We left the marina still with grey skies, more squally showers and battled against a strong head wind around the bottom of Grenada and into Clark Court Bay. The entry to the bay was through a pass in the coral but the charts were accurate and the channel buoys in place so the lack of sun to show up the depth of water wasn’t a problem. Once inside it opened up to a large, deep and protected harbour and with surprisingly few boats inside we found a quiet space to anchor. I don’t know whether it was coming from the noise of the town surrounding the marina but it seemed incredibly quiet, the wind dropped and we relaxed.
We had been drawn to this spot by the promise of sausages. On the opposite side of the bay was Whisper Cove and a small marina, the guide book told us of a butcher that sells good quality local meat and home made sausages, looking out at the jungly green hills surrounding the bay this seemed unlikely but we took the dingy across to explore. We entered behind the few boats moored at the pontoon and hemmed in by mangroves it was shady and a little spooky. As we tied up to a neat and tidy dock we realised that the undergrowth was in fact managed, a pretty tropical garden. We climbed the hill to a veranda and an extremely welcoming restaurant, “Steak, Chips and a Beer for £8” said the blackboard, it tasted as good as it sounded. And sure enough through a door at the back of the restaurant was the butchers, having sampled the produce we stocked up with sausages and enough meat to get us to Panama and headed back to the boat.

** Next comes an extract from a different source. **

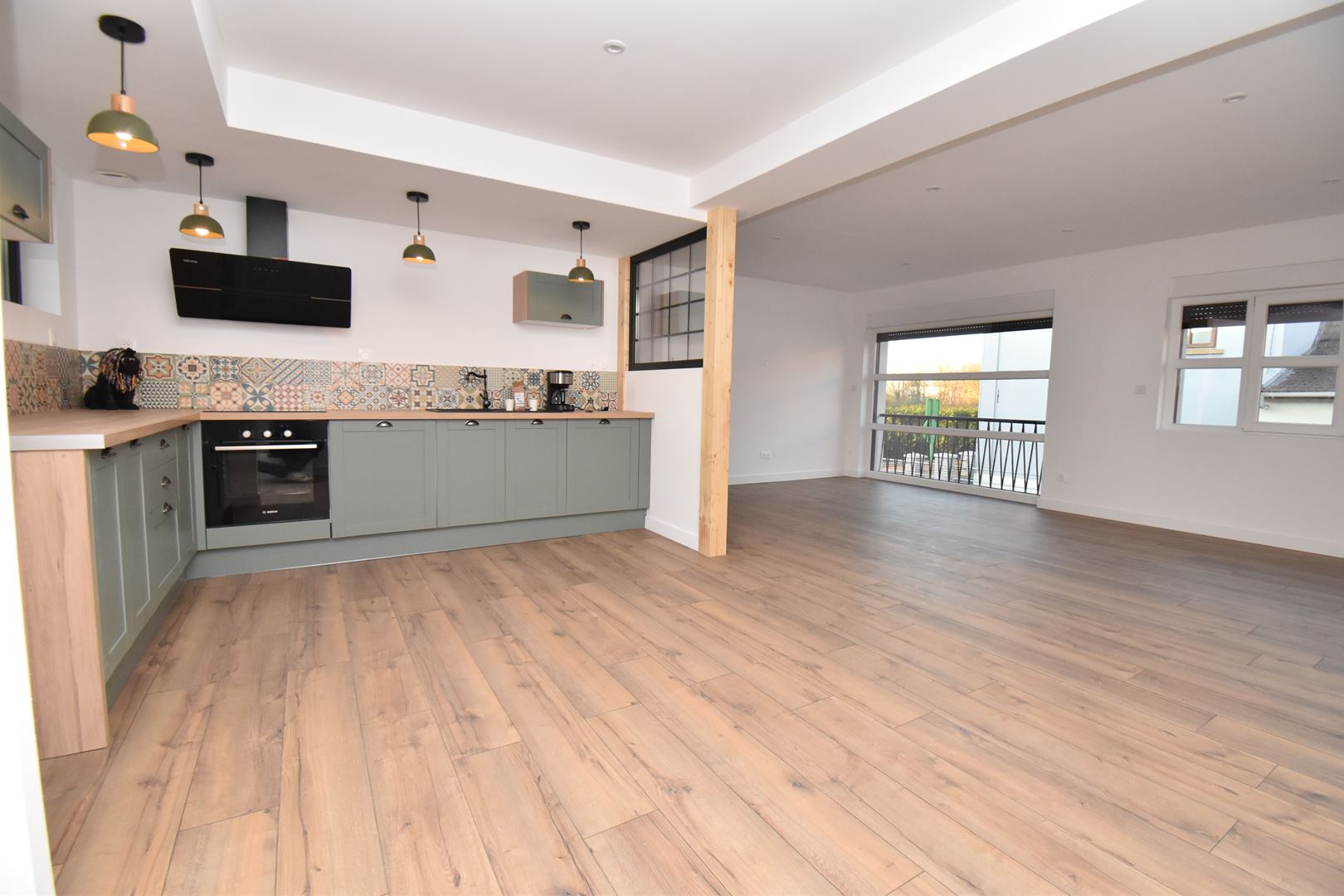 - Entrée, cuisine équipée ouverte sur un séjour d'environ 45m2, 3 chambres de 10m2, salle de douche italienne, lingerie, wc .

Our next stop was a few bays down, we sailed past the crowds in Prickly Bay, around a small headland into the near deserted True Blue Bay. On shore The True Blue resort is a muddle of dark pink, blue and orange buildings nestled in the undergrowth. It has an equally colourful waterside restaurant the Dodgy Dock.
The bay lived up to its name, with the improved weather the sea is true blue. We haven’t done much, Rick filled some dents in the swim deck, I scrubbed around the waterline of the hull, we have read, explored in the dingy and foraged ashore for Internet. This we have found in the restaurants, so each day we have logged in and lunched.

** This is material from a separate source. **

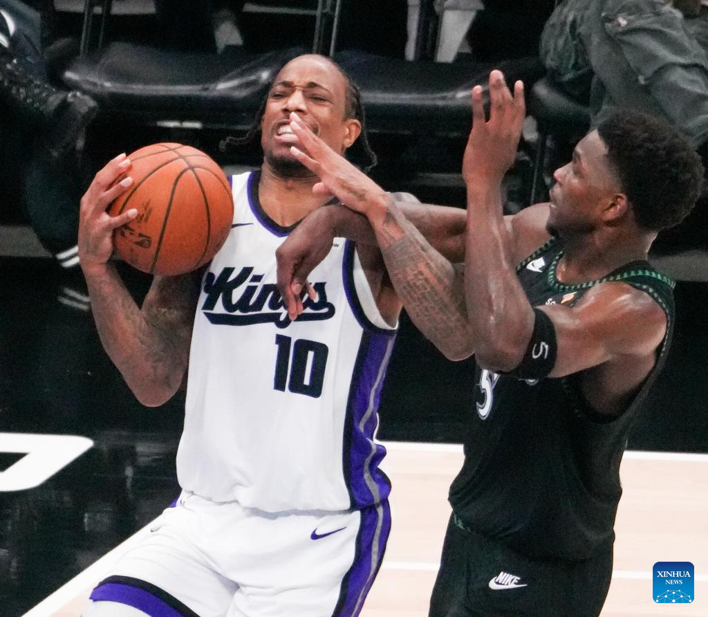 DeMar DeRozan (R) of Sacramento Kings defends during the 2025-2026 NBA regular season match between Sacramento Kings and Minnesota Timberwolves in Sacramento, the United States, Nov. 9, 2025. (Photo by Sun Yuxuan/Xinhua)

After a day alone, we were joined in the bay by first one, then two other Oysters. One of the things we are really enjoying is meeting so many new people. It is rare in life to meet and make so many new friends but everyone has so much in common with each other that friendship within the cruising world is easy.
Over the last week we have enjoyed a glass of gin or two with a couple from Tasmania, Bill and Naomi who are cruising the Carribean before sailing back to Hobart. A young couple, Charles and Zoe, with a beautiful, 1984, 37ft Oyster who like us have upped and left to sail around the world. Finally a lovely family from Cork, we first met during the ARC, on thier Oyster 53 Crackerjack, Sully, Joey and the kids, who are enjoying the Caribbean for a few months.
People are extremely generous with their knowledge and time, happy to help each other out, freely swapping experience, information and discoveries. We discuss past adventures, future plans and the continual lists of maintainance to complete.They tend to be brief encounters but there is a real sense of community and with trackers, blogs and social media we can all follow each others progress and no doubt will bump into many of them again elsewhere in he world.